The Current Status of (not provided)

A recent Optify study (disclaimer: I work for Optify) found that the term ”(not provided)” now accounts for almost 40 percent of referring traffic data from organic search and since the introduction of the SSL enhancement, recognized referring keywords have dropped by almost 50 percent.

This means that for 1 of every 2.5 visits from organic search, you're no longer able to see the referring keywords and that almost 50 percent of the keywords you were previously able to track and measure are no longer available to you.

not-provided-percentage-of-total-organic-search

recognized-keywords-from-organic-search-indexed

What it Means

The study shows that the trend of “(not provided)” is only going to continue trending up until the majority of organic referrer data (search terms) will completely disappear. But what does this mean for you, the marketer? It means you will no longer be able to:

  • Truly measure the performance of your SEO efforts by connecting a search term with website metrics such as traffic, conversion rate, leads, engagement (page views and time on site), and revenue.
  • Use referrer data to customize and/or personalize your user experience.
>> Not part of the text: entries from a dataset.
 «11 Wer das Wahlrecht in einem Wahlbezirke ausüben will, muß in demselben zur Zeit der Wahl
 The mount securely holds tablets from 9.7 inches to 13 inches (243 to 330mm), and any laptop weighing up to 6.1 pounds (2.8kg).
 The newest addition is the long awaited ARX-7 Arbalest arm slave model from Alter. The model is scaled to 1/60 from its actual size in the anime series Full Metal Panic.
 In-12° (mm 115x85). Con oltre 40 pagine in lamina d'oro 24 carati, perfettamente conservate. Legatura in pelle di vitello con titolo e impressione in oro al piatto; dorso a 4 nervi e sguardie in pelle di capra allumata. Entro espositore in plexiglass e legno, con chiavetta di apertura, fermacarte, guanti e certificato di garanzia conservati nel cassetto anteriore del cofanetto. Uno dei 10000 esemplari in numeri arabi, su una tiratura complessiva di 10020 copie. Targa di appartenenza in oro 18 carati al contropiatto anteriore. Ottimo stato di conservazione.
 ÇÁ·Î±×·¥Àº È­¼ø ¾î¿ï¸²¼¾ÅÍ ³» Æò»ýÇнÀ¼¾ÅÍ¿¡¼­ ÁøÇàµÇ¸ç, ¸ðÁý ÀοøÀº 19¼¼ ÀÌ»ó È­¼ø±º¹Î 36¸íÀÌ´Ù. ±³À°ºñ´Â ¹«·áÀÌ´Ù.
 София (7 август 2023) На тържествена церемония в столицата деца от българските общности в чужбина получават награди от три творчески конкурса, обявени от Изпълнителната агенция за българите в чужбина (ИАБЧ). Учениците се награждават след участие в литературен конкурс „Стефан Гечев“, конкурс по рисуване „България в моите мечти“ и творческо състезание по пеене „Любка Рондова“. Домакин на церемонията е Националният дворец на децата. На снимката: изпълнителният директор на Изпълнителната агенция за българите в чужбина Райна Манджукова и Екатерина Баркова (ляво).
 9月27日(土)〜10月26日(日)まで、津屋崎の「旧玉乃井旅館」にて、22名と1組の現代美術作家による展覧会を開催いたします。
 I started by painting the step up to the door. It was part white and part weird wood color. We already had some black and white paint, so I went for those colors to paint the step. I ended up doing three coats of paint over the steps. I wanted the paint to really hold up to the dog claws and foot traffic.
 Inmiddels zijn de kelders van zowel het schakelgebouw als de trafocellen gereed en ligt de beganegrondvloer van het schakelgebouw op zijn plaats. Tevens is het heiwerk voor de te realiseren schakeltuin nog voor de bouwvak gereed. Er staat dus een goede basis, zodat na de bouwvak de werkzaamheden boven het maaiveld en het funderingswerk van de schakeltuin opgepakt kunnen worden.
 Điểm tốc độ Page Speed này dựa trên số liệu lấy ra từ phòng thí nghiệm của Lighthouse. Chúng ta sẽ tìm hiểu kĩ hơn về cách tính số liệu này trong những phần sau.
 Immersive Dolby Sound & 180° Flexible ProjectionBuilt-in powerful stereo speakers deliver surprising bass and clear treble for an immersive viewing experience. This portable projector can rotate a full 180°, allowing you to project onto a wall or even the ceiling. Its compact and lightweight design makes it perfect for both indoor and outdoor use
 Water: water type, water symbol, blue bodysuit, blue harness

For example, if you used to offer related content based on referring keyword, or used referring keywords in your lead nurturing rules, you will no longer be able to do that.
  • Score visitors and leads based on their referring keyword. If you use a lead scoring system that uses referring keyword as one of the rules, this option will no longer be available to you.
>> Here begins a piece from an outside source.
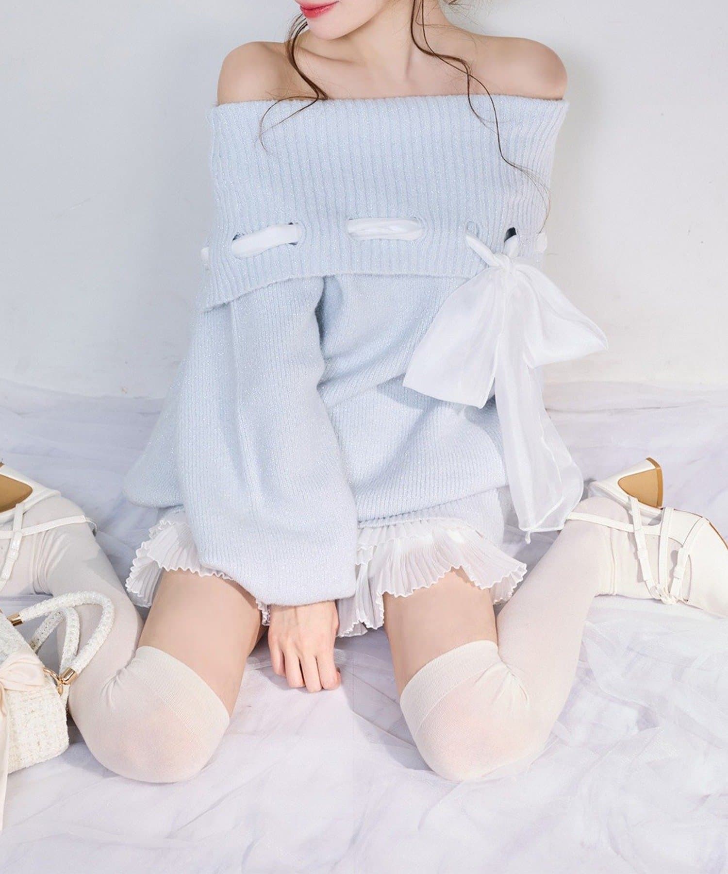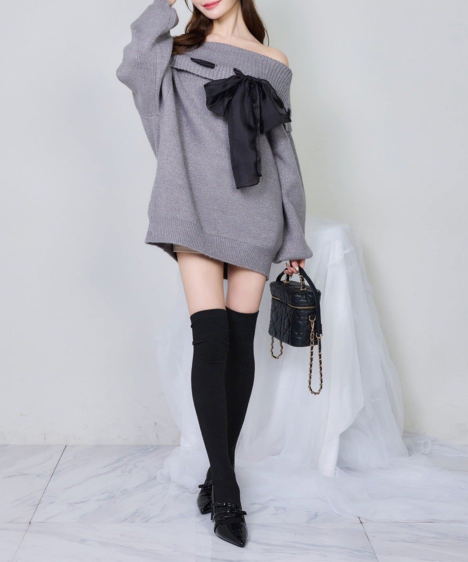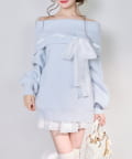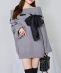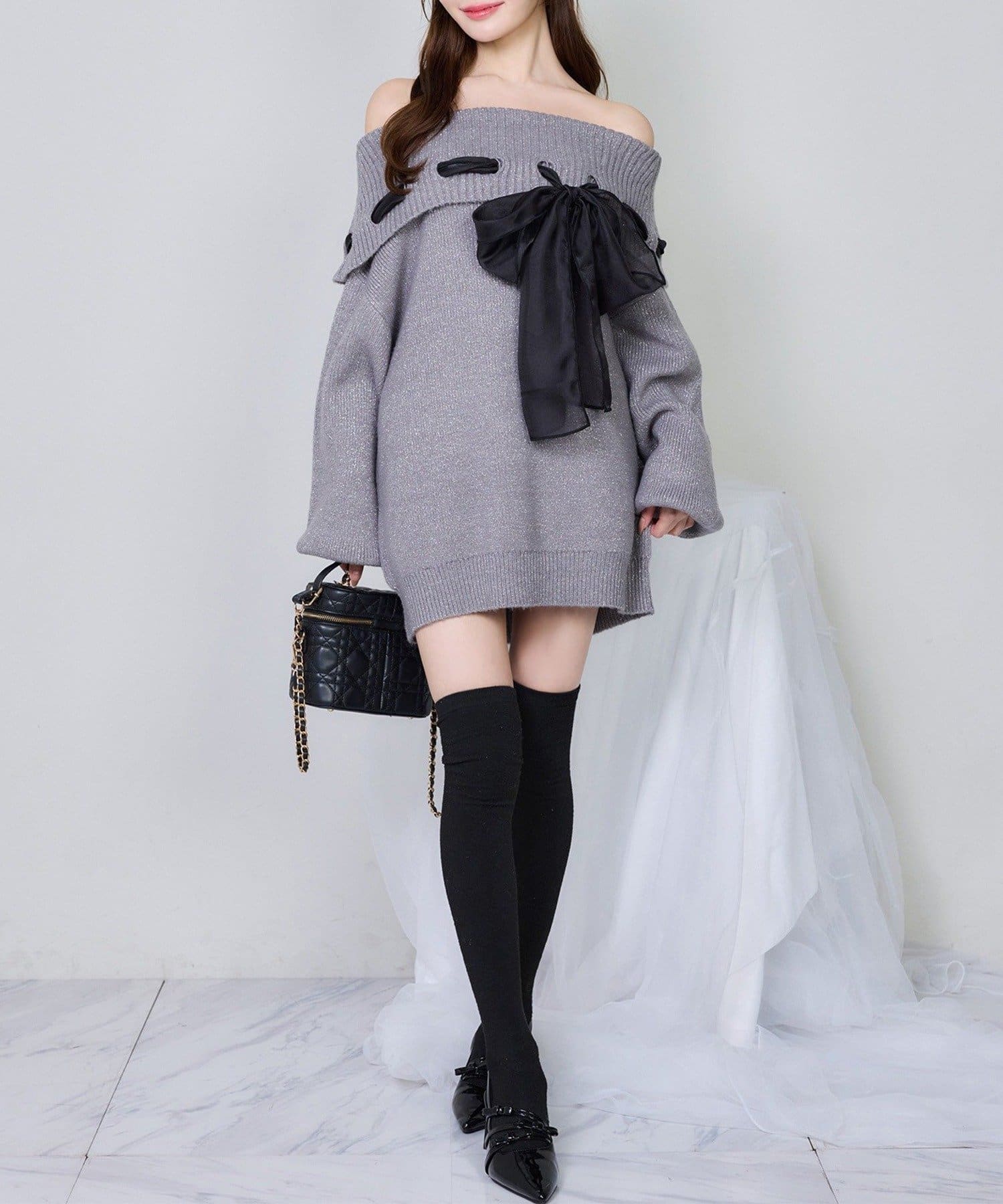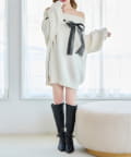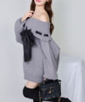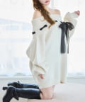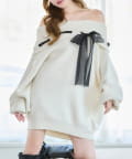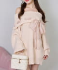 【one after another】リボン付きオフショルニットワンピ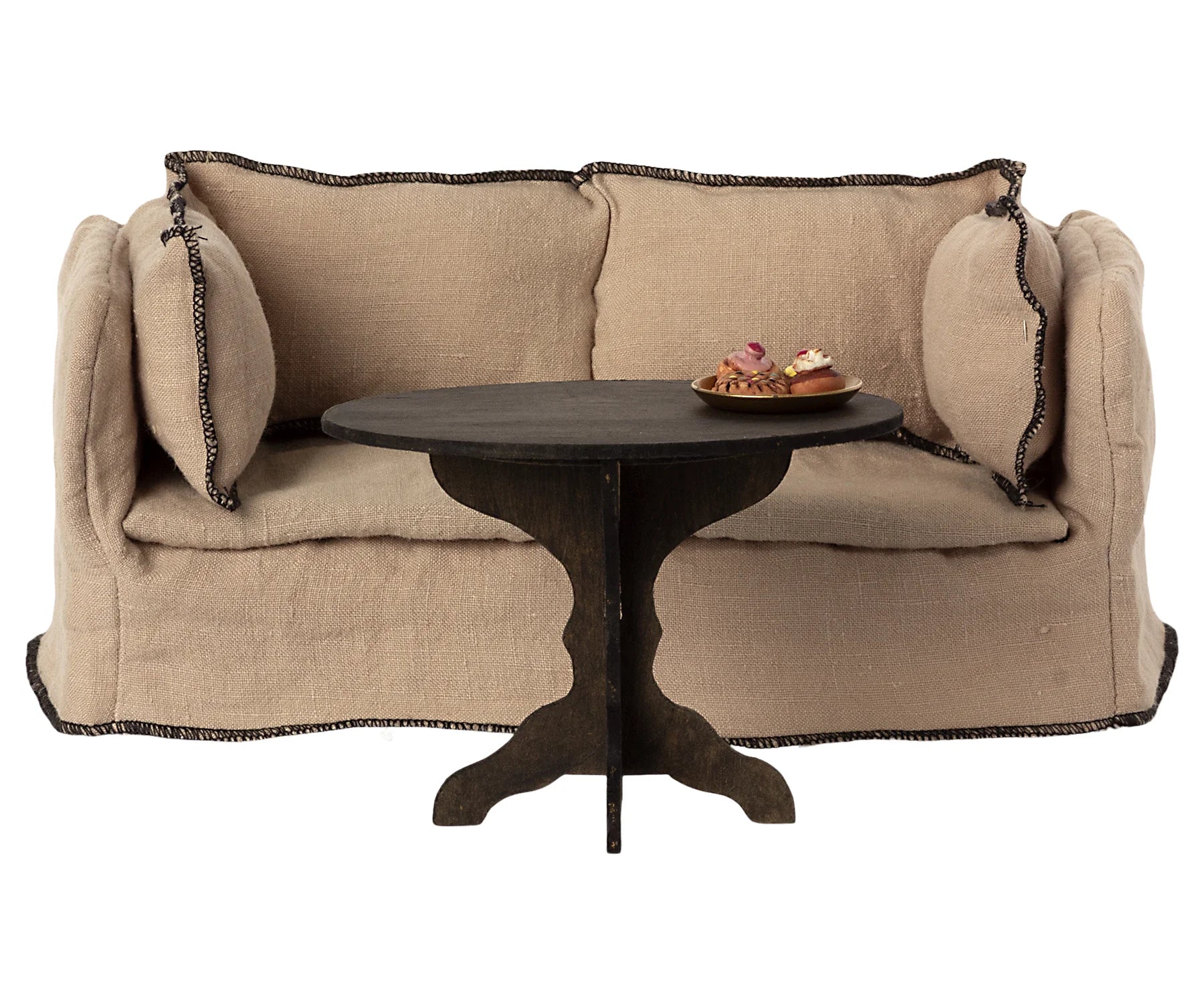 Coffee table made of wood and painted in anthracite color. It fits perfectly together with the couch and into the Maileg dollhouse. The table is delivered flat packed and is easily assembled so the play can soon begin.

But you will still be able to:

  • Measure your overall SEO performance and report on ROI since the visit source will still be organic search, but you won't be able to analyze what keywords contributed to that performance nor will you be able to report ROI on specific SEO initiatives.
  • Practice SEO and work on getting more traffic from organic search. This change doesn't prevent you from following any SEO best practices; it just means that it will be harder to measure their effectiveness.

5 Tips for Handling “(not provided)” Data

What can you do as (not provided) continues to eat away at your organic search data?
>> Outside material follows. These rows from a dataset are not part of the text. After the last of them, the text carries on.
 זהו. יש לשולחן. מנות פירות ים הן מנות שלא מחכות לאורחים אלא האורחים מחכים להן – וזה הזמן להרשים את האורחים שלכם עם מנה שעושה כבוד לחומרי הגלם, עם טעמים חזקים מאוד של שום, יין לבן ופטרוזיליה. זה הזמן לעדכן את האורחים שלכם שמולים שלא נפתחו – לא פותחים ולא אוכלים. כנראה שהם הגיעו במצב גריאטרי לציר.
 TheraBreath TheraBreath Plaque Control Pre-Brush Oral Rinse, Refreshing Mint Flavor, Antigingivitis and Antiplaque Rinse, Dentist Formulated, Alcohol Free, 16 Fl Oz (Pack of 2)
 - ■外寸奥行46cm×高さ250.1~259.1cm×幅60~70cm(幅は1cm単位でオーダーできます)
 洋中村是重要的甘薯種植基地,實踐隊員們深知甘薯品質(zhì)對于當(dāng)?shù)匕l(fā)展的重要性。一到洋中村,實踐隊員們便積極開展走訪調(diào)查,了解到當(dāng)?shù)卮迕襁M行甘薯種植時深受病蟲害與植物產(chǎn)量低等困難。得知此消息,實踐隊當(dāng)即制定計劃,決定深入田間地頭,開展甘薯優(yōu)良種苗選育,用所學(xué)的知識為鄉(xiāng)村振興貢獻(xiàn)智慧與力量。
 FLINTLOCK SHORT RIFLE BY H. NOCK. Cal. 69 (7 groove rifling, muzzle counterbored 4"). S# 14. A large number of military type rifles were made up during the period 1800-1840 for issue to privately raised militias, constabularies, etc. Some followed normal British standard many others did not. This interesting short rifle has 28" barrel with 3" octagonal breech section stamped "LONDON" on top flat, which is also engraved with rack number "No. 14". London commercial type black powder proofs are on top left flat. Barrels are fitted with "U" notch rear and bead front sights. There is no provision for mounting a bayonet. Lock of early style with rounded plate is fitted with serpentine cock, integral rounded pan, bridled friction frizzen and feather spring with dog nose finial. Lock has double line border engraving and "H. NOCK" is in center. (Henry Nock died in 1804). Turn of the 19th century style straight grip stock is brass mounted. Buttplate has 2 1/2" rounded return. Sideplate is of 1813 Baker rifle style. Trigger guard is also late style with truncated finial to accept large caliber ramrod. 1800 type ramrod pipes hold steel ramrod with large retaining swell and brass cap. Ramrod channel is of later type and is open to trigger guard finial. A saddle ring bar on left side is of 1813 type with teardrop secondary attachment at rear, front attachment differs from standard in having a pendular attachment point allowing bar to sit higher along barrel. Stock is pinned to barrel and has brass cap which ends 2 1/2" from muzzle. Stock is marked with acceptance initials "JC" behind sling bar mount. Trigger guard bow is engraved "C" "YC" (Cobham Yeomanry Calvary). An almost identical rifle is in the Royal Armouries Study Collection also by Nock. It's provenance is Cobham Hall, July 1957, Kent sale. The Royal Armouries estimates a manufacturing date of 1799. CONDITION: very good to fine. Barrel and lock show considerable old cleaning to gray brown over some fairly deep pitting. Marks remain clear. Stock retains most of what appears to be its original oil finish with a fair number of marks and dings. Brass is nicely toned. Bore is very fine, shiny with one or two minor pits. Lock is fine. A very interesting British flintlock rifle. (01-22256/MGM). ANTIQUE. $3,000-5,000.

  1. Make the most out of the data you have. With the “(not provided)” rate approaching 40 percent, it means that you still have more than 60 percent of organic visits with referring keywords data. Make the most out of that data since it won't be there for much longer.
  2. Use Webmaster Tools. Google offers a lot of data about your website in Google Webmaster Tools. This includes the top 1,000 daily search queries and top 1,000 daily landing pages for the past 30 days, in addition to the impressions, clicks, click-through rate (CTR), and average position in search results for each query. You can compare this to the previous 30 day period as well as export to a CSV file to import to a different system or analyze it using Excel. For most small to mid-size B2B sites, this should be more than enough data to analyze in aggregate. See Linking Google Analytics to Webmaster Tools.
  3. For personalization, use other data. If you're using keyword data to personalize the user experience you offer on your website (related content, targeted landing pages) and off your website (follow up emails, lead nurturing), you will need to start using other data instead. Form submissions, page viewed, and campaign tagging could be used to replace keyword data in your personalization efforts.
  4. For SEO work, use proxies. The problem with the aggregate data is it doesn’t give you the ability to tie a referring keyword with the subsequent website behavior like page views and time on page. More importantly, actions like form submission (B2B) and clicks on page (B2C, e.g. shopping cart actions) can't be associated with a keyword making it impossible to report on ROI for specific keywords. This means that you will have to start using proxies such as keyword rank and ranked page to estimate single keyword performance.
  5. Use PPC data to estimate keyword performance. Since Google is still passing referrer data to advertisers for clicks on their sponsored results, you can use PPC to estimate the performance of keywords you're targeting or considering.